Озабоченный продолжением своего рода, маркиз де Мирабо, естественно, подталкивал сына к возобновлению супружеской жизни: та не только обеспечила бы дальнейшее существование династии, но и позволила бы Оноре Габриэлю, как только его дела будут приведены в порядок, занять полагающееся ему место и дать ход своим талантам. Поэтому Друг людей написал невестке: «Я нашел этого человека кротким и послушным. Внешне он стал добропорядочным, даже импозантным мужчиной, который ведет себя сдержанно, не сохранив в своих движениях ничего бурного и бессвязного».
Маркиз де Мирабо настолько желал примирения, что ему хотелось верить, будто оно уже состоялось, и понемногу он убеждал в этом сына. Два южанина, склонных предаваться химерам, уже устраивали будущее: получив 60 тысяч ливров маркизы де Мариньян, Оноре Габриэль погасит свои долги через Эмили; потом он осушит пруды, отделяющие замок Мариньян от пруда Берр, и станет возделывать эти земли; от этого он уже ожидал годового дохода в 50 тысяч ливров, которые позволят ему занять достойное место в свете. Для осуществления прекрасных планов не хватало только согласия противоположной стороны. Поскольку состояние Мирабо стоило некоторых жертв, брошенный муж решился написать в августе 1781 года ловко сочиненное письмо жене: «Невозможно, чтобы мы были чужды друг другу. Вы были матерью моего сына, вы моя жена, и теперь, когда с моих глаз спала пелена, я уверяю, что не смогу променять вас на другую. Наши интересы, хоть они и перестали быть общими, не противоположны, и я не откажусь легко от надежды увидеть в вас подругу, супругу, счастливый от радости, какую я вам доставлю…»

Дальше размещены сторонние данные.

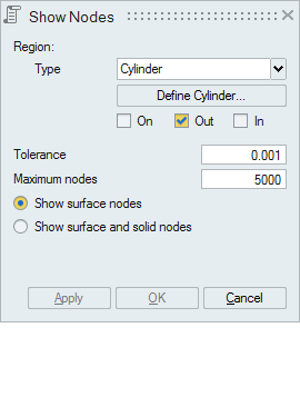 "Out" option displays the nodes that are lying outside (d > r + Tol) of the defined cylinder.

В этом нескончаемом послании, выстроенном по аналогии с защитной речью, Мирабо расхваливал радости вновь обретенной семейной жизни, описывал очарование жизни, соответствующей общепринятым нормам. Длинное покаянное письмо, которое обмануло бы мудрецов и смягчило тигров, совершенно не тронуло Эмили; ее жизнь соответствовала ее желаниям; она не собиралась терпеть принуждения. Поэтому в архивах не найти ее ответа мужу; известно лишь, что она переговорила с Бальи. Тот посоветовал племяннице возобновить совместную жизнь, но ему ответили, что Оноре Габриэлю следует сначала отправиться воевать на стороне американских «инсургентов» и отличиться там каким-нибудь подвигом.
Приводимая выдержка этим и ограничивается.